▶ **How to complete this task**: Using the records that appear below, write out exactly the lines from the one with "1年生の音楽の時間です。初め" through the one with "在【VIP管理】窗口中,点击", keeping both end lines.
──────── Supplied information
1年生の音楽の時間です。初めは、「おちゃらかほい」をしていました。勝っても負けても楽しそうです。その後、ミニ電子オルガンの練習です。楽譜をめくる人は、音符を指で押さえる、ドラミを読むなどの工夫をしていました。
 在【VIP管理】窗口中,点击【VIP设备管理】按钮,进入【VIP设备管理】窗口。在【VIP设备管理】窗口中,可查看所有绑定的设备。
────────────────
──────── Supplied information
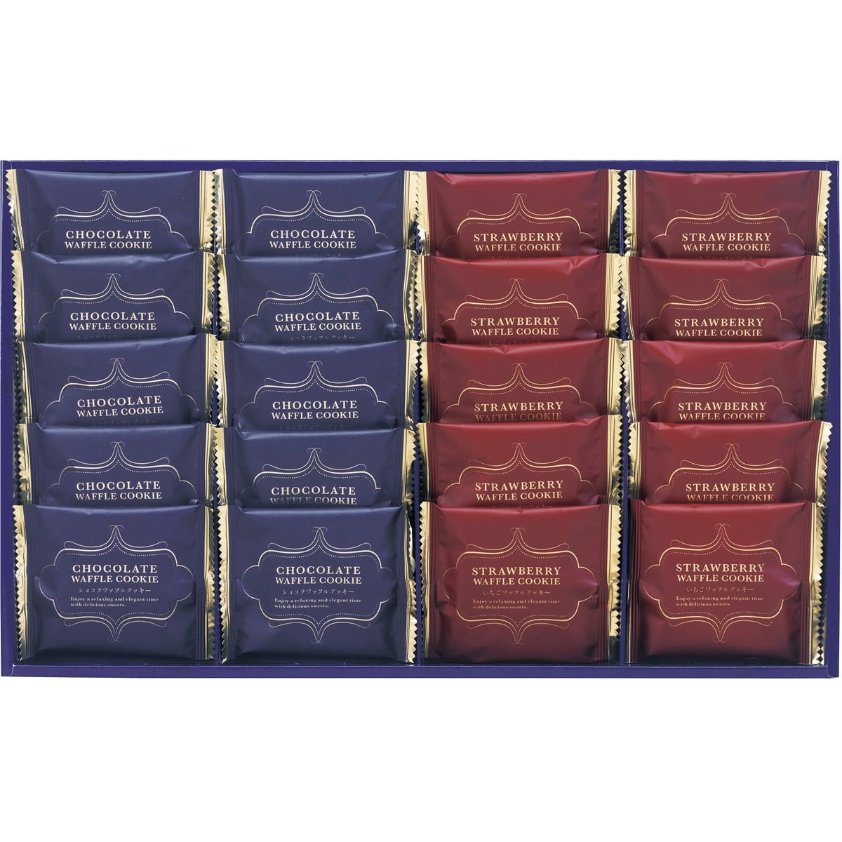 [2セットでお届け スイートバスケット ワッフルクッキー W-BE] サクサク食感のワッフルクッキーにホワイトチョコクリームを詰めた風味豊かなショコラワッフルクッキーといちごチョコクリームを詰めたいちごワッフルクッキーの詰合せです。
────────────────
▶ **Response box**:
1年生の音楽の時間です。初めは、「おちゃらかほい」をしていました。勝っても負けても楽しそうです。その後、ミニ電子オルガンの練習です。楽譜をめくる人は、音符を指で押さえる、ドラミを読むなどの工夫をしていました。
 在【VIP管理】窗口中,点击【VIP设备管理】按钮,进入【VIP设备管理】窗口。在【VIP设备管理】窗口中,可查看所有绑定的设备。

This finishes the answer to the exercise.